In light of the above determination that J.S. is not a district resident entitled to attend respondent’s schools tuition-free, petitioner’s request for a tuition “refund” for J.S. is academic, as any such determination would be advisory in nature (see e.g. Appeal of Morris, 57 Ed Dept Rep, Decision No. 17,175; Appeal of Strassburg, 56 id., Decision No. 16,931; Appeal of L.B. and T.B., 55 id., Decision No. 16,832.  It is well-established that the Commissioner does not issue advisory opinions or declaratory rulings in an appeal pursuant to Education Law §310 (Appeal of Q.H., 57 Ed Dept Rep, Decision No. 17,299; Appeal of a Student with a Disability, 48 id. 411, Decision No. 15,899; Appeal of Waechter, 48 id. 261, Decision No. 15,853).  In addition, and to the extent that petitioner alternatively seeks a tuition “refund” offset by any school taxes paid, I note that the Commissioner has historically declined to award tuition in residency appeals (Appeal of S.T.V., 57 Ed Dept Rep, Decision No. 17,371; Appeal of M.S. and M.R.F., 57 id., Decision No. 17,347).  Although, as noted above, petitioner has not submitted any proof that he has purchased property in the district, I note that to the extent an individual who pays non-resident tuition also pays school taxes on an in-district property, he or she is entitled to a reduction of tuition pursuant to Education Law §3202(3) (see Appeal of S.T.V., 57 Ed Dept Rep, Decision No. 17,371; Appeal of Lin, 48 id. 166, Decision No. 15,827).

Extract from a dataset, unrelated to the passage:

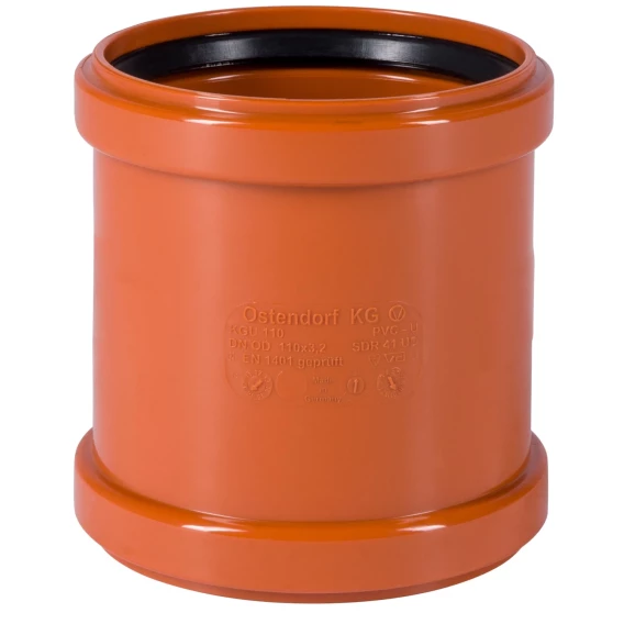 Муфта ремонтная (надвижная) Ostendorf KGU предназначена для профессионального ремонта трубопровода безнапорной канализации при его разрыве и повреждении. В этом случае вырезается поврежденный участок и заменяется новым элементом, который крепится к основной конструкции с помощью надвижной муфты.

Although the appeal must be dismissed for the reasons described above, I note that petitioner has the right to reapply for admission on behalf of J.S. at any time, should circumstances change, and to submit any documentary evidence for respondent’s consideration.

THE APPEAL IS DISMISSED.

END OF FILE


[1] The custody agreement made reference to an action for divorce pending in Wayne County Supreme Court.

 

[2] Petitioner does not claim that J.S. spends the majority of his time with him in contravention of the custody order (see Appeal of Petrie, 37 Ed Dept Rep 200, Decision No. 13,842).